- Task statement -
Output every line below exactly, please, omitting pictures.

- Dataset section -
########################################

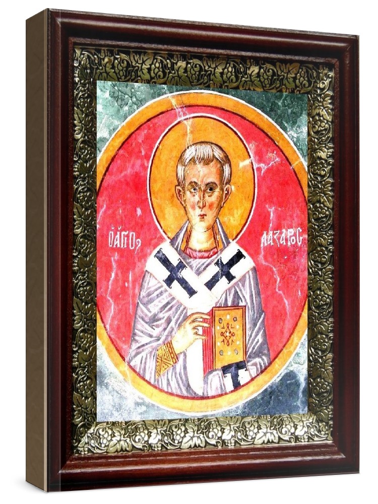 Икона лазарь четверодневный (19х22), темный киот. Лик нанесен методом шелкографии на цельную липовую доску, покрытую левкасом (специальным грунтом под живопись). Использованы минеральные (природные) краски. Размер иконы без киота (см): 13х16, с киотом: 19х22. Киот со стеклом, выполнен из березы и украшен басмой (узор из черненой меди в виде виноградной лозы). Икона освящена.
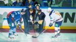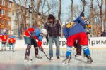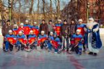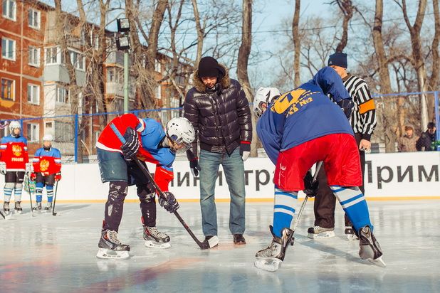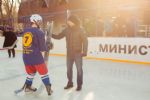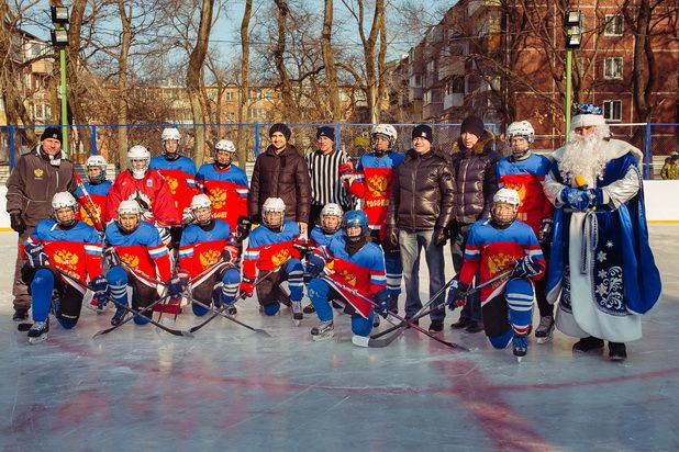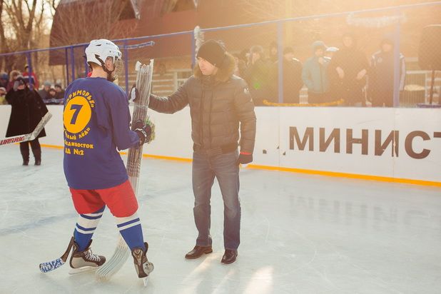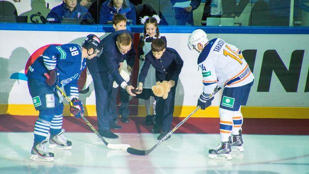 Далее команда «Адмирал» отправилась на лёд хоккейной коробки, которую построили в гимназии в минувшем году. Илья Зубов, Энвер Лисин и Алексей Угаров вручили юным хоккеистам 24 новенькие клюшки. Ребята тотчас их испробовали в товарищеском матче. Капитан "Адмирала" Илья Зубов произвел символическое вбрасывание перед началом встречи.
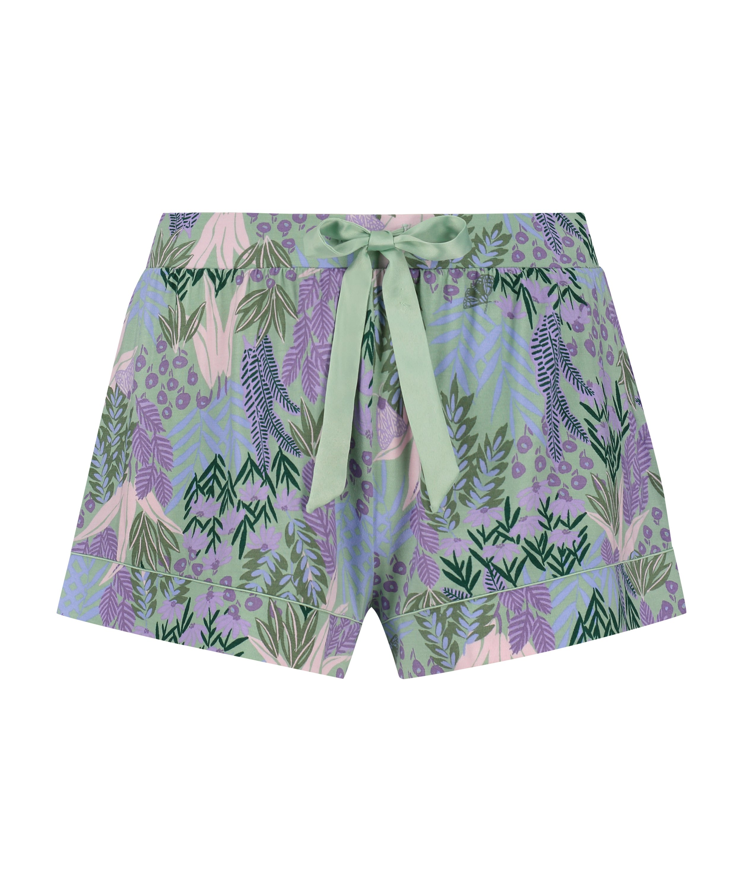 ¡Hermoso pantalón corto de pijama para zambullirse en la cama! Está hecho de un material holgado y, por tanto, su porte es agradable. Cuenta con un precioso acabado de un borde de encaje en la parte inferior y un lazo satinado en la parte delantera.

########################################

- Result for this exercise -
 Икона лазарь четверодневный (19х22), темный киот. Лик нанесен методом шелкографии на цельную липовую доску, покрытую левкасом (специальным грунтом под живопись). Использованы минеральные (природные) краски. Размер иконы без киота (см): 13х16, с киотом: 19х22. Киот со стеклом, выполнен из березы и украшен басмой (узор из черненой меди в виде виноградной лозы). Икона освящена.
 Далее команда «Адмирал» отправилась на лёд хоккейной коробки, которую построили в гимназии в минувшем году. Илья Зубов, Энвер Лисин и Алексей Угаров вручили юным хоккеистам 24 новенькие клюшки. Ребята тотчас их испробовали в товарищеском матче. Капитан "Адмирала" Илья Зубов произвел символическое вбрасывание перед началом встречи.
 ¡Hermoso pantalón corto de pijama para zambullirse en la cama! Está hecho de un material holgado y, por tanto, su porte es agradable. Cuenta con un precioso acabado de un borde de encaje en la parte inferior y un lazo satinado en la parte delantera.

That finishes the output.